那廂,陳康正自迷惑,忽然覺得有什麽東西磕着他肩膀。扭頭一瞧,原來是邊上的岑英在用腳不停地碰他。

“他是要下馬。”陳康會意,略一遲疑,伸手抱他下了馬。岑英雙腿俱殘,份量便全部壓于陳康臂上,後者卻并未感到多重。真是清減到什麽程度了。

陳康還在感嘆,耳邊平地炸開一聲怒吼,引得他又回過頭去。

“這不可能!他……他……他怎會不是新柳?!”桓子柯怒目圓睜,指着郁新柳朝許主事大喊。

“桓公子,這是令尊的親筆供詞,上面已經寫得很清楚了。”許主事兩邊環顧了一下,道,“真正的郁新柳郁公子,早在三年之前就已經死了。”

“死了?!”陳康脫口而出,見許主事一眼掃來,趕緊閉嘴。

許主事繼續道:“但他不是被燒死的,而是被人一劍刺死的。不只是郁公子,郁尚書一家七口都被滅了門。可巧的是,滅門當晚郁府就失了火,将罪證燒得一幹二淨!這場大火來得真夠及時,桓公子以為如何?”

“我……”桓子柯一張臉全無血色,雙唇顫動許久,方吐出幾個字來:“我爹他……”

許主事道:“令尊為官不廉,橫征暴斂,貪得無厭。上任十年以來,收受了大量賄賂。他自以為做得天衣無縫,誰料那郁尚書是個心思比針眼還細的主,憑着世交的這層關系,近水樓臺,暗中掌握了桓都統的大量罪證,打算借此牽制桓家,外加訛詐一比。嘿,所謂世交,不過是先祖傳下的人脈,兒孫手中的籌碼罷了!

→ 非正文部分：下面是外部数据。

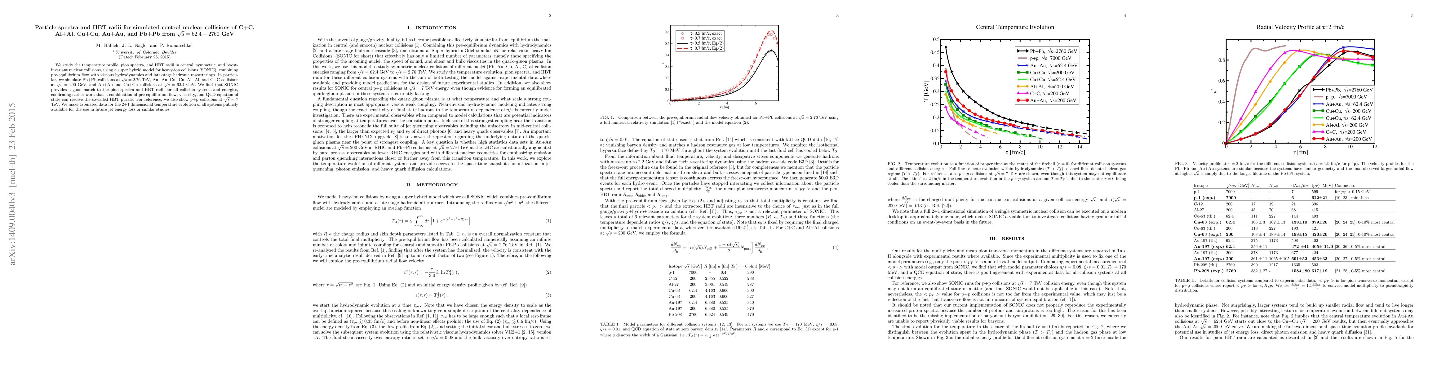 We study the temperature profile, pion spectra and HBT radii in central symmetric and boost-invariant nuclear collisions using a super hybrid model for heavy-ion collisions (SONIC) combining pre-equilibrium flow with viscous hydrodynamics and late-stage hadronic rescatterings. In particular, we simulate Pb+Pb collisions at Sqrt(s)=2.76 TeV, Au+Au, Cu+Cu, Al+Al, and C+C collisions at Sqrt(s)=200 GeV and Au+Au, Cu+Cu collisions at Sqrt(s)=62.4 GeV. We find that SONIC provides a good match to the pion spectra and HBT radii for all collision systems and energies, confirming earlier work that a combination of pre-equilibrium flow, viscosity and QCD equation of state can resolve the so-called HBT puzzle. For reference, we also show p+p collisions at Sqrt(s)=7 TeV. We make tabulated data for the 2+1 dimensional temperature evolution of all systems publicly available for the use in future jet energy loss or similar studies.

不過這桓都統也不是盞省油的燈。得知了郁尚書的企圖後,便茶飯不思地想盡對策。到底是個武将,手段潑辣,與其拖着夜長夢多,不如一不做二不休,雇了個殺手,在三年前的一個深夜——就是郁府失火當晚,把郁尚書一家老小都殺了。

桓公子,你放的火,其實并不足以燒毀整個郁府,乃是有人在背後推波助瀾。而此人,正是那個殺手——我想他多半得到了桓都統的授意。知子莫如父,你那一日的種種表現,令尊定看在眼裏。可那兇手也太倒黴,居然引火燒身,把自己燒了個半死不活——這跟令尊是否相關也未可知。不過,他沒想到郁公子的死對你打擊會那麽大,因此,就聽了張大夫的建議,用另一個人假冒了郁新柳的身份。而這最佳人選,莫過于被火燒傷的那個兇手了。面容聲音盡毀,諒誰都無法覺察,還可避免節外生枝。那人,就是你了,對不對?”

許主事目光如電,盯住擔架上的郁新柳。那郁新柳一個勁地哆嗦,手腳亂掙了半天,硬是從嗓子眼裏擠出幾聲沙啞難聽的呻.吟:“饒……饒命……”

這一聲求饒宛如當頭棒喝,桓子柯再也支撐不住,頹然坐倒。

“桓公子,你也別怨恨令尊,其實郁公子的死,和你脫不了幹系。你一心愛慕郁公子,悖逆天倫,令尊早已視他為眼中釘、肉中刺,彼時只不過正好得了個借口将他順手除去罷了。”許主事看着桓子柯道。

“新柳,新柳……”桓子柯似乎根本沒聽見許主事這番話,只垂了頭反複念叨。

“這個桓子柯,當真是自作自受。”陳康如是想着,忽然鼻尖飄過一絲淡若煙塵的香氣,自己的手不知被誰抓住了輕輕一握,本能低頭看去,卻見一只蔥白如玉的手正覆在自己手背之上。是岑英!登時滿臉臊熱——敢情自己抱了人家半日,卻渾然未覺?

岑英倒是毫不在意,伸手指了下邊上的輪椅。待陳康扶他坐了上去,便推動輪椅緩緩前行。

“許大人,草民岑英懇請大人饒他不死。”

一片寂靜。

陳康目瞪口呆,傻了一般。桓子柯猛然擡頭,望向岑英的眼中滿是不可置信。

還是許主事最先回過了神:“你……沒啞?”

“張大夫配的藥,讓我這個啞了三年的人終于得以開口。”岑英道。

“原來如此。”許主事點頭道,“難怪連皇上都對先生青睐有加,果然不同凡響。”

岑英似乎沒聽出對方的弦外之音,淡然道:“皇上那邊,草民自會交待。許大人,那張琴可曾帶來?”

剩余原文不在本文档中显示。